> **Instructions to follow**: When you write out the listing, keep every word as it stands and drop the pictures.

> **Information provided**:
========

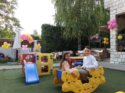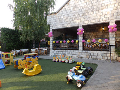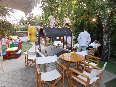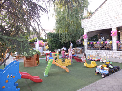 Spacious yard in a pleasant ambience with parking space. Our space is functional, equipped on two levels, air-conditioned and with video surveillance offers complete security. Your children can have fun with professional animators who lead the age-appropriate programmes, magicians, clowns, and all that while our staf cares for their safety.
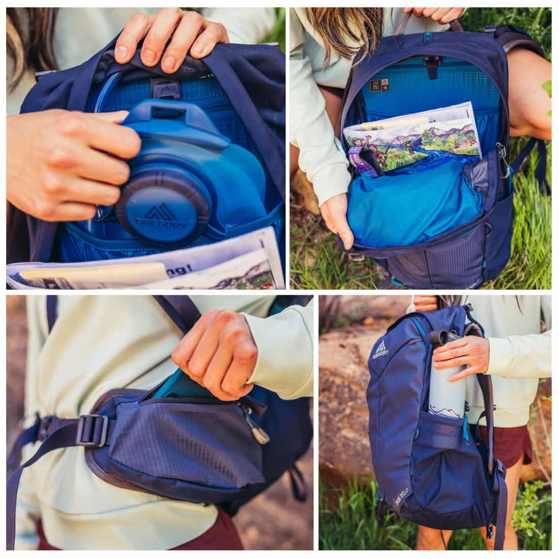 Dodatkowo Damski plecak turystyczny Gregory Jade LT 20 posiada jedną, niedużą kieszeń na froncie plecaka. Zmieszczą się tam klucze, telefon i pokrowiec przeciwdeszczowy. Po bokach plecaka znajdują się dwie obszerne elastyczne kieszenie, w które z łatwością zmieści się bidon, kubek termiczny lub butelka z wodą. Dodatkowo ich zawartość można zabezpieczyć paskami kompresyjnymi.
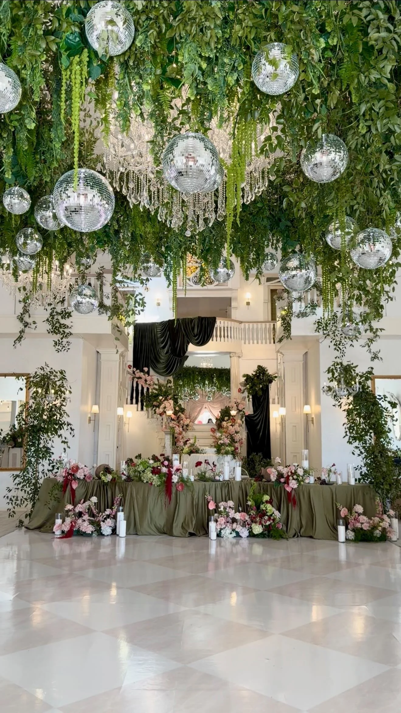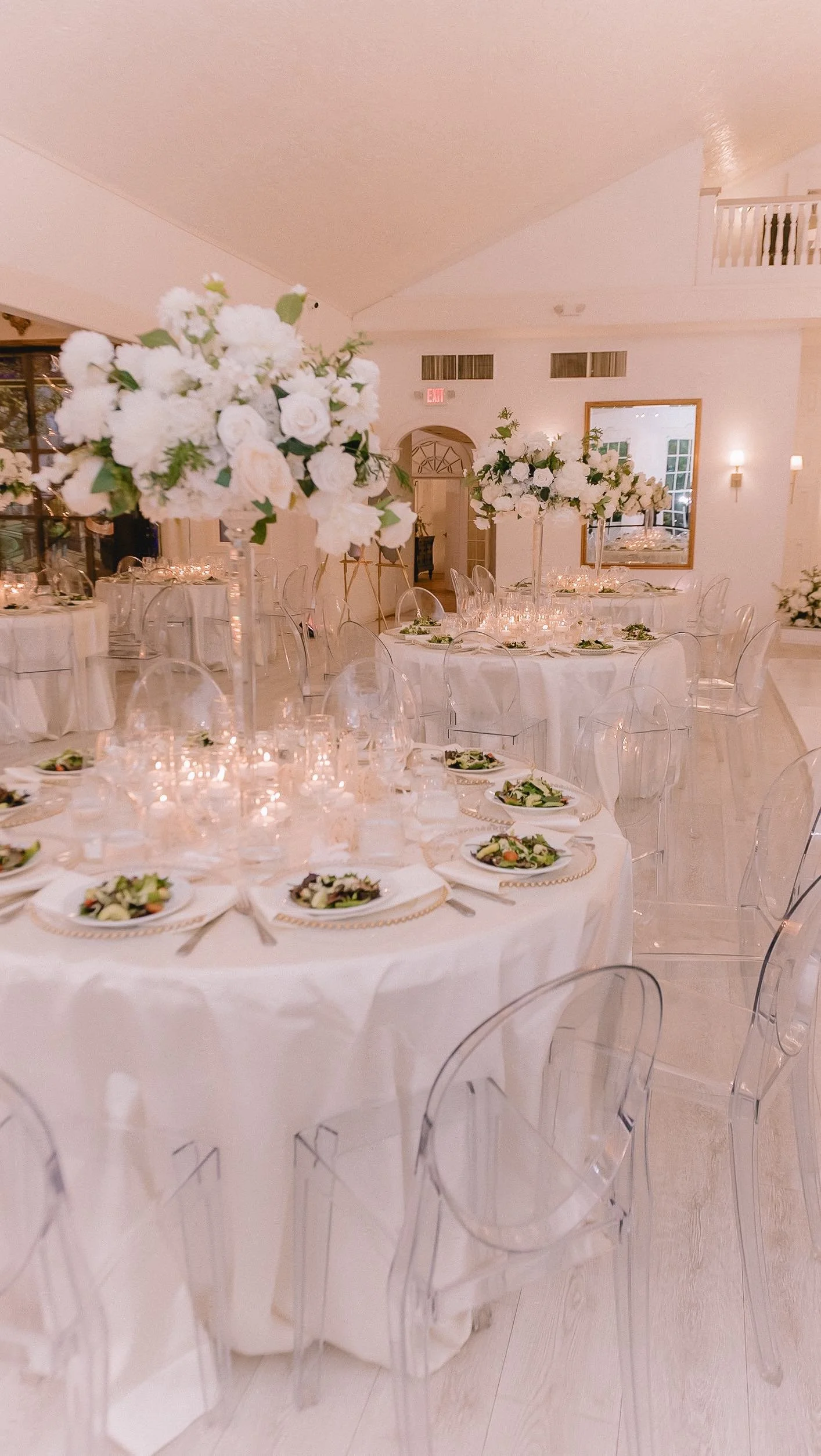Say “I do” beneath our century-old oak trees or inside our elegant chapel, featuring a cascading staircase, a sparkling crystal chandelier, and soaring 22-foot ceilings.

========

> **Task answer**:
 Spacious yard in a pleasant ambience with parking space. Our space is functional, equipped on two levels, air-conditioned and with video surveillance offers complete security. Your children can have fun with professional animators who lead the age-appropriate programmes, magicians, clowns, and all that while our staf cares for their safety.
 Dodatkowo Damski plecak turystyczny Gregory Jade LT 20 posiada jedną, niedużą kieszeń na froncie plecaka. Zmieszczą się tam klucze, telefon i pokrowiec przeciwdeszczowy. Po bokach plecaka znajdują się dwie obszerne elastyczne kieszenie, w które z łatwością zmieści się bidon, kubek termiczny lub butelka z wodą. Dodatkowo ich zawartość można zabezpieczyć paskami kompresyjnymi.
Say “I do” beneath our century-old oak trees or inside our elegant chapel, featuring a cascading staircase, a sparkling crystal chandelier, and soaring 22-foot ceilings.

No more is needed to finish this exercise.